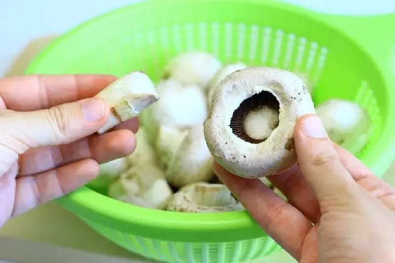 А вот пластинки грибов удалять не нужно. Многие их счищают, что совершенно напрасно, ведь именно пластинки шампиньонов придают всевозможным блюдам из этих грибов выраженный аромат и насыщенный, пикантный грибной вкус.
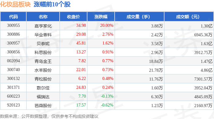 证券之星消息,10月9日化妆品板块较上一交易日下跌0.53%,上海家化领跌。当日上证指数报收于 3933.97,上涨1.32%。深证成指报收于13725.56,上涨1.47%。化妆品板块个股涨跌见下表: 以上内容为证券之星据公开信息整理,由AI算法生成(网信算备310104345710301240019号),不构成投资建议。 | 代码 | 名称 | 收盘价 | 涨跌幅 | 成交量(手) | 成交额(元) | | --- | --- | --- | --- | --- | --- | | 300955 | 嘉亨家化 | 34.98 | 20.00% | 3.88万 | 1.30亿 | | 300886 | 华 香料 | 29.08 | 2.76% | 2.42万 | 6945.36万 | | 300957 | 贝泰妮 | 45.81 | 1.62% | 3.58万 | 1.63亿 | | 300856 | 科思股份 | 13.27 | 0.91% | 2.96万 | 3912.75万 | | 002094 | 青岛金王 | 7.82 | 0.77% | 18.84万 | 1.47亿 | | 300740 | 水 ...
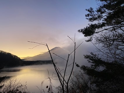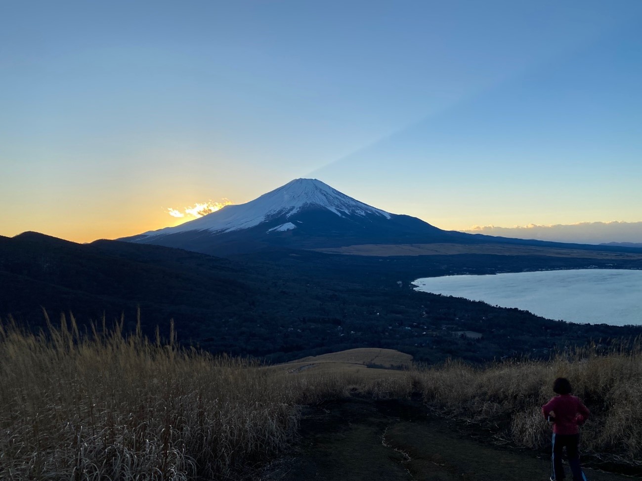 除夜の鐘と同時に山梨県の本栖湖へ初日の出を見に出発し、5時過ぎに現地到着

WORK ITEM: Set down the data above word for word, leaving every picture out.

ANSWER FOR THIS EXERCISE:
 А вот пластинки грибов удалять не нужно. Многие их счищают, что совершенно напрасно, ведь именно пластинки шампиньонов придают всевозможным блюдам из этих грибов выраженный аромат и насыщенный, пикантный грибной вкус.
 证券之星消息,10月9日化妆品板块较上一交易日下跌0.53%,上海家化领跌。当日上证指数报收于 3933.97,上涨1.32%。深证成指报收于13725.56,上涨1.47%。化妆品板块个股涨跌见下表: 以上内容为证券之星据公开信息整理,由AI算法生成(网信算备310104345710301240019号),不构成投资建议。 | 代码 | 名称 | 收盘价 | 涨跌幅 | 成交量(手) | 成交额(元) | | --- | --- | --- | --- | --- | --- | | 300955 | 嘉亨家化 | 34.98 | 20.00% | 3.88万 | 1.30亿 | | 300886 | 华 香料 | 29.08 | 2.76% | 2.42万 | 6945.36万 | | 300957 | 贝泰妮 | 45.81 | 1.62% | 3.58万 | 1.63亿 | | 300856 | 科思股份 | 13.27 | 0.91% | 2.96万 | 3912.75万 | | 002094 | 青岛金王 | 7.82 | 0.77% | 18.84万 | 1.47亿 | | 300740 | 水 ...
 除夜の鐘と同時に山梨県の本栖湖へ初日の出を見に出発し、5時過ぎに現地到着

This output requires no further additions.